The UnhoneymoonersThe Unhoneymooners by Christina Lauren

Genre: Romance

Format: Ebook

My Rating: ⭐️⭐️⭐️⭐️

Talk about contrived. Everything that happened in this book was so inorganic and predictable. BUT, I still found myself enjoying it. It’s the perfect escapism book for the times we’re in at the moment. Though this can be described as “chick lit” or “fluff,” I thought it was really well written, which isn’t always the case with novels in this genre. Let your imagination hop on a plane to Hawaii with Olive and Ethan (the sister and brother of the bride and groom, who have to unexpectedly go on the trip in the newly married couple’s absence), and enjoy the sweepstakes-winning honeymoon suite and the enemies-to-lovers storyline that goes with it.

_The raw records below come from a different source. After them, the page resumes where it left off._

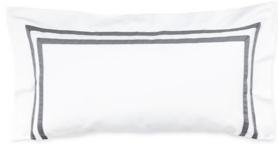
col. 61 basalt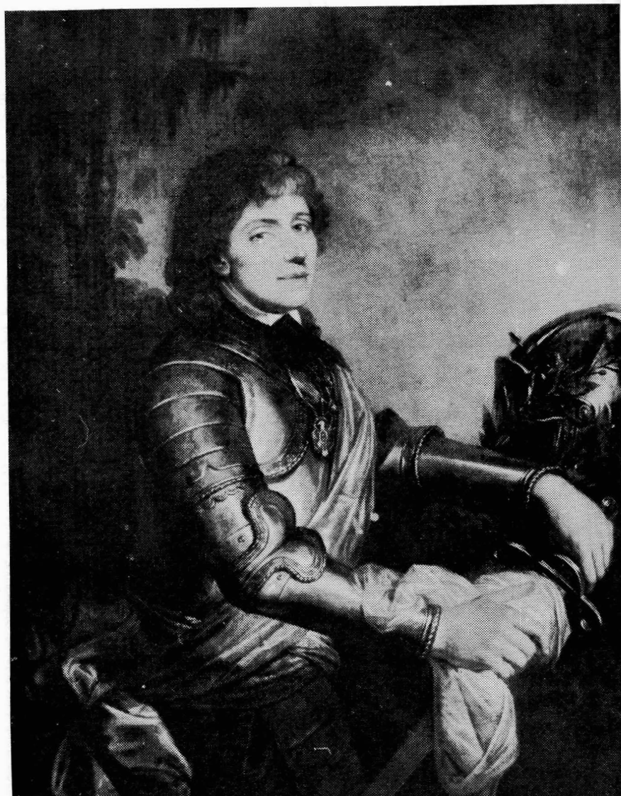
Fot. 4. J. Grassi, Portret Tadeusza Kościuszki. Portrety polskie, pod. red. J. Mycielskiego, Lwów, t. 1, z. 2.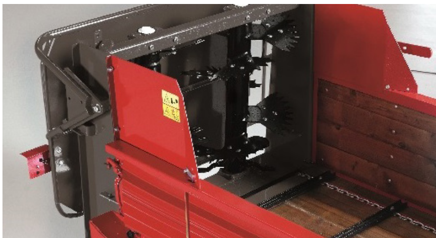
Rastepač (sa zadnjom zaštitom - dodatna oprema) i parom okomitih valjaka s pomičnim segmentima osigurava ravnomjerno i fino rasipanje.

Nagnuti tereni zahtjevaju poseban razbacivač stajnjaka – a takav je ORION 35 ALP .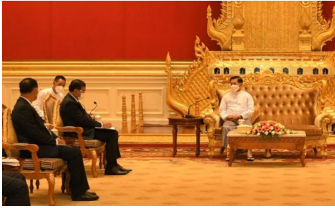
စစ်ကောင်စီခေါင်းဆောင် မင်းအောင်လှိုင်က ASEAN အထူးသံတမန် မစ္စတာ ပရက်ဆိုဒွန်းကို သံတမန်ခန်းမတွင် ၂၀၂၂ ခုနှစ်၊ မတ်လက တွေ့ဆုံစဉ်

သို့သော် မစ္စ ဟေဇာအတွက် ဝမ်းနည်းစရာကောင်းသည်မှာ မင်းအောင်လှိုင်သည် ကုလသမဂ္ဂကို မထေမဲ့မြင်ပြုရန်သာ စိတ်အားထက်သန်နေခြင်း ဖြစ်သည်။ စစ်ကောင်စီ မီဒီယာများက ထိုအစည်းအဝေးကို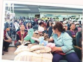
■歡樂的歌聲激起老爺爺的童心，搶著向工作人員要氣球拿回病房。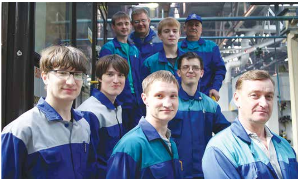
411-я бригада линии «КАММИНЗ коленвал» завода двигателей

Линия работы и жизни Без дружбы и взаимопонимания работать на линии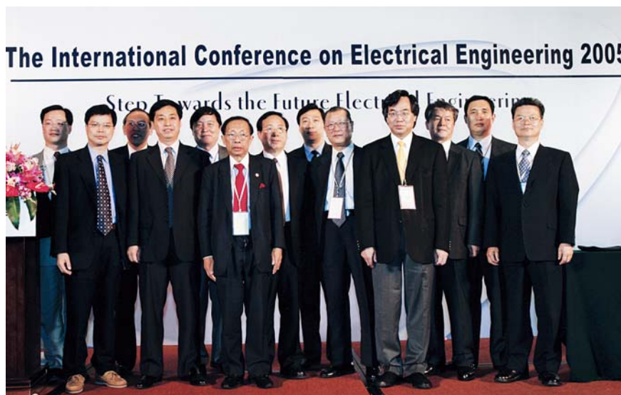
■ 2005年7月，昆明，第11届国际电机工程学术会议代表合影

联合召开2005年IEEE/PES亚太地区输配电国际会议，会议主题为“放松管制下的电网安全和可持续发展”，来自31个国家和地区的代表500余人（其中境外代表124人）出席了会议，录用论文472篇，会议包括特高压输电技术、电力市场的构建和运行、风力发电接入系统问题和电力系统广域保护等4个专题研讨会及35个分组会议，同期还举办了展览。

To Kill a MockingbirdTo Kill a Mockingbird by Harper Lee

Genre: Classic

Format: Audiobook

My Rating: ⭐️⭐️⭐️⭐️⭐️

I remember reading this book in high school, and I remember loving it, but 20 years later I couldn’t tell you what the story was about. I decided to revisit this classic novel by listening to the audiobook read by actress Sissy Spacek. Holy. Cow. Can Sissy Spacek narrate every book? She was fantastic and brought the Southern town of Maycomb, Alabama and its inhabitants to life. While the story is excellent for its depiction of racial inequality, its true heart lies in the relationships of the characters, which explains why I loved it then and why I still love it now. Everyone should read this book at least once in their lifetime.

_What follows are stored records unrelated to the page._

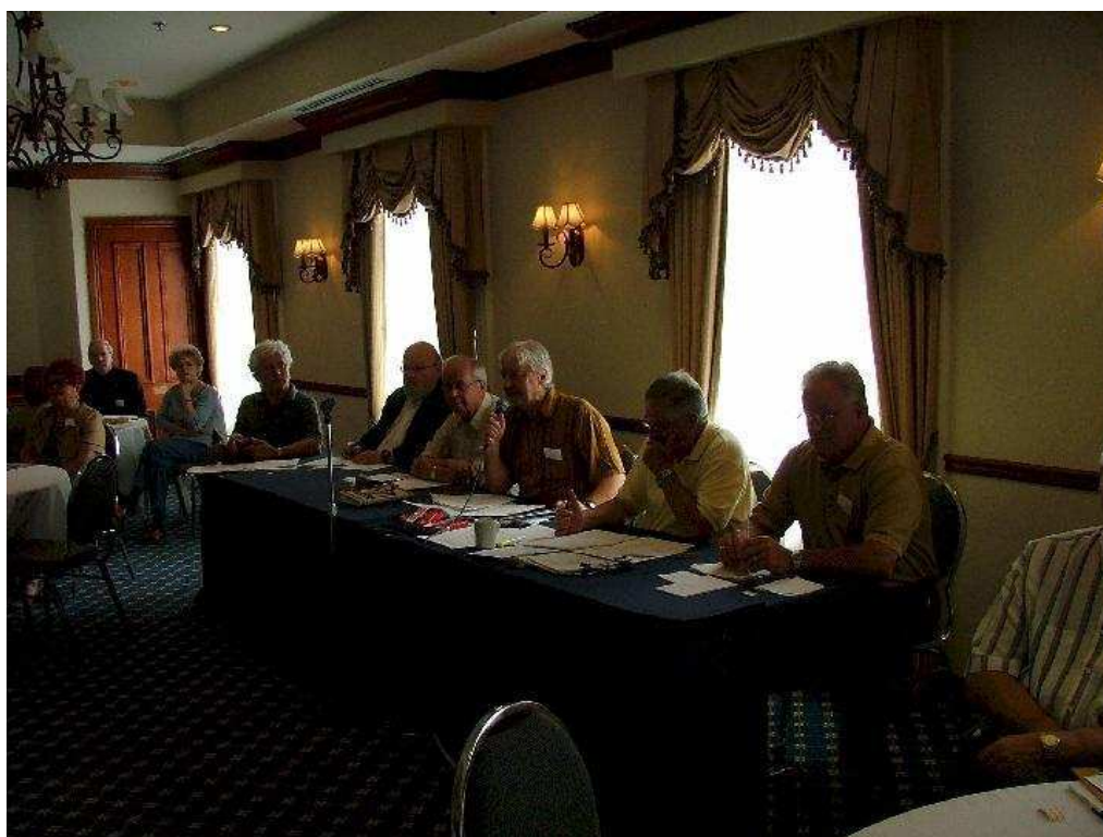
L'assemblée générale à Gatineau : Le conseil d'administration fait le bilan de ses activités de 2003.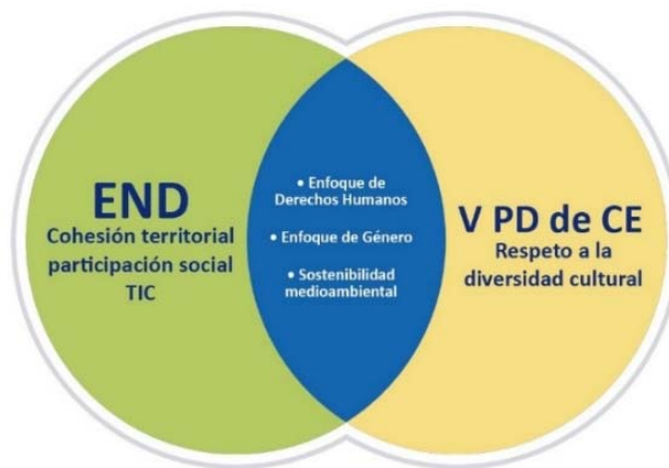
Figura 3. Principios transversales de la END versus Principios transversales V PD CE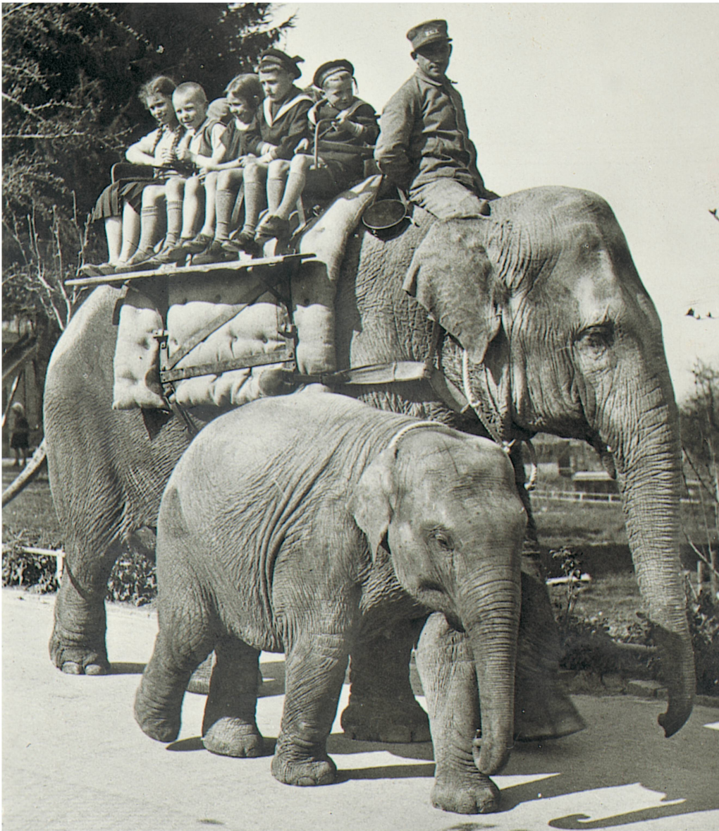
Kinder-Elefantenreiten auf «Mandjullah», 1939: Die Rampe dafür stand beim alten Restaurant «Säntisblick», wo sich auch der Kiosk und ein kleiner Spielplatz für die wartenden Kinder befanden. Ein Ritt kostete 25 Rappen.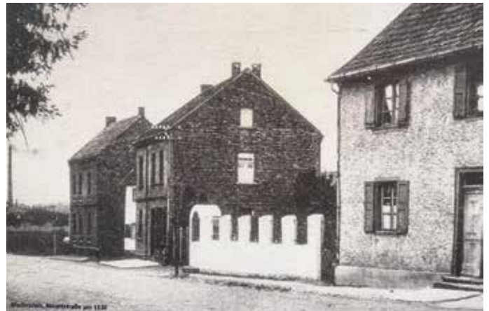
Das „Pleeser Eck“ im Jahr 1930.

UntangledUntangled by Lisa Damour

Genre: Nonfiction

Format: Ebook

My Rating: ⭐️⭐️⭐️⭐️⭐️

I urge anyone with a teenage daughter, or a daughter of any age really, to read this book. Damour is a psychologist who works with young teenagers, who also has two daughters herself, so she knows what she’s talking about here. My daughter is on the cusp of teenagedom, and I could already relate to so many things presented in this book as a parent, but it also gave me an inside look into what my daughter is going through. It’s an absolutely fascinating read, and I’ve already recommended it to anyone I think can get some great use out of it.

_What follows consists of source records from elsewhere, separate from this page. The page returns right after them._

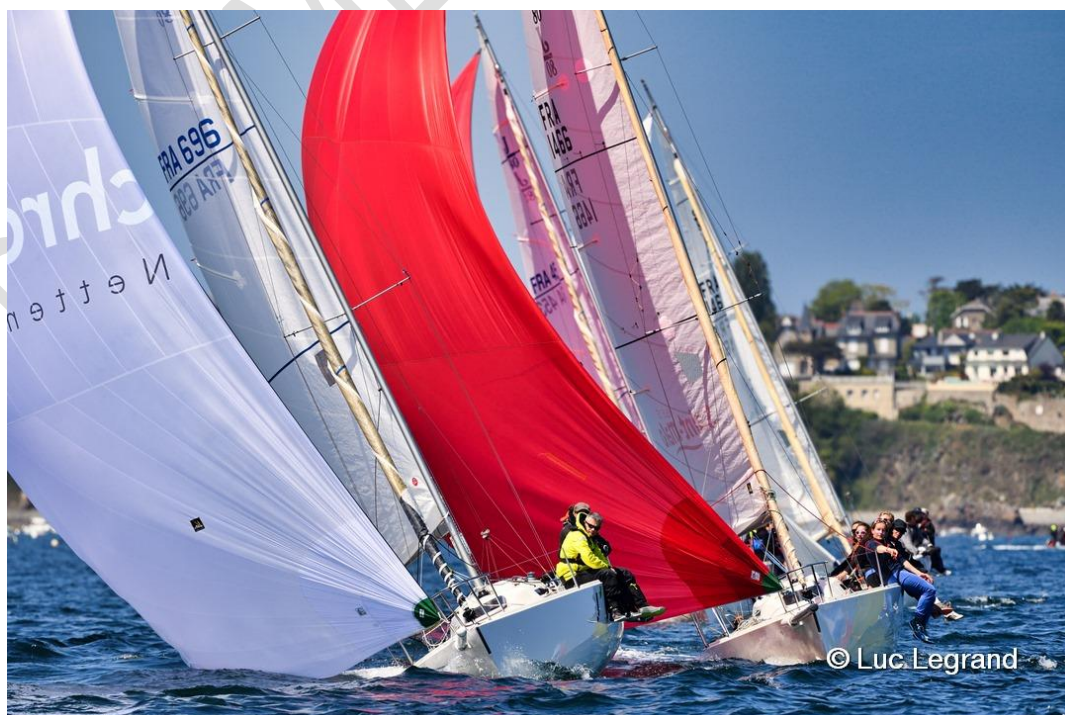
Figure 1 : Grand prix de Saint-Cast J80 (SNBSM)

Les manifestations nautiques et sportives peuvent être organisées par différents types d'organismes publics ou privés selon les cas, ce sont le plus souvent les fédérations ou associations sportives de la discipline concernée, les centres nautiques, mais également les collectivités territoriales. (Agence des aires marines protégées, 2009)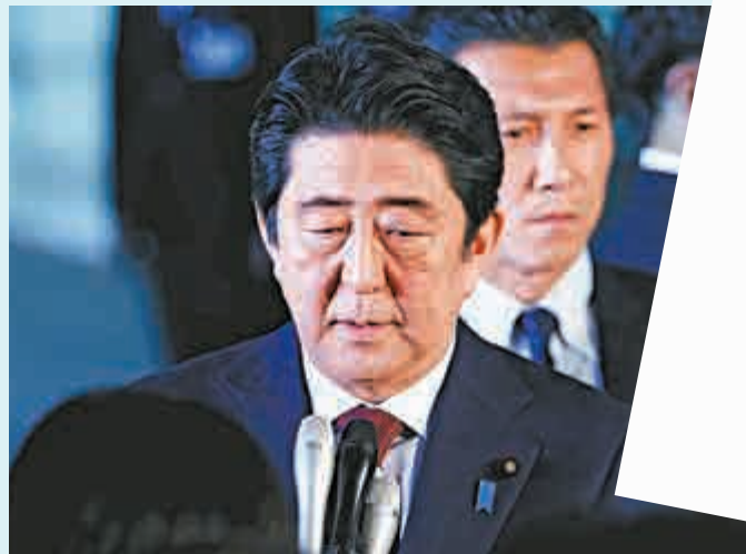
▲日本首相安倍晉三17日召開記者會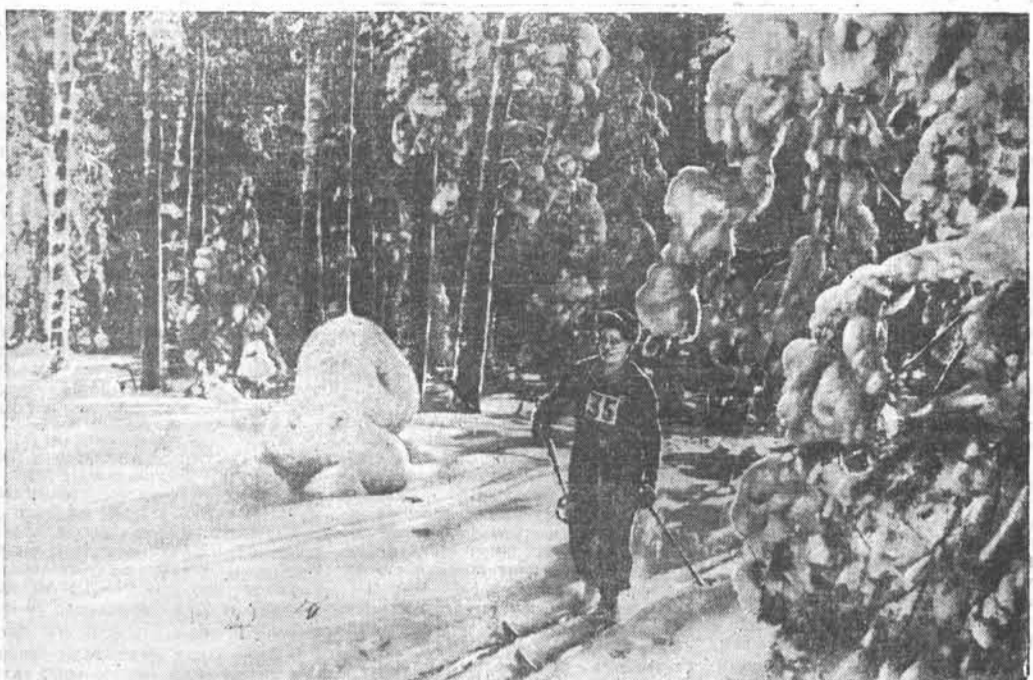
Фото-этиюд Н. Калинин.

Ордену Ленина заводу транспортного машиностроения — грузчики. Оплата сдельно-прогрессивная от 600 до 900 руб. в месяц.

ColumbineColumbine by Dave Cullen

Genre: Nonfiction

Format: Paperback

My Rating: ⭐️⭐️⭐️⭐️

Why I decided to pick up this book about the 1999 Columbine school shooting in the midst of the crisis the world is going through, I’ll never know. But I’m glad I did read it, because it clears up a lot of the misconceptions of what happened on, before, and after that fateful day. I was in high school when this event happened, and I can remember the uncertainty surrounding going to school and the potential for disaster. That fear is exactly what co-conspirator Eric Harris hoped to leave behind, and it’s unfortunate to say he got exactly what he wanted. This was an eye-opening book, not only about the killers, but about the media coverage that followed, the botched handling by law enforcement, and how the community handled the aftermath. It’s not a light read, but it’s an important one.


March Reads 2020-2

2 thoughts on “March 2020 Books Read

  1. Cynthia 31 Mar 2020 / 6:29 pm

    Love your reviews, as usual. I’m really not sure when you find the time to read at all. But I do remember reading for at least 10 or 15 minutes before I fell asleep exhausted when my children were young. It was a great way to escape, even just for a little while.

    Like

  2. janetsm 31 Mar 2020 / 10:33 pm

    I was especially interested to read what you thought of Long Bright River. I got on the wait list for it right before the public library system closed. Something for me to look forward to later this year!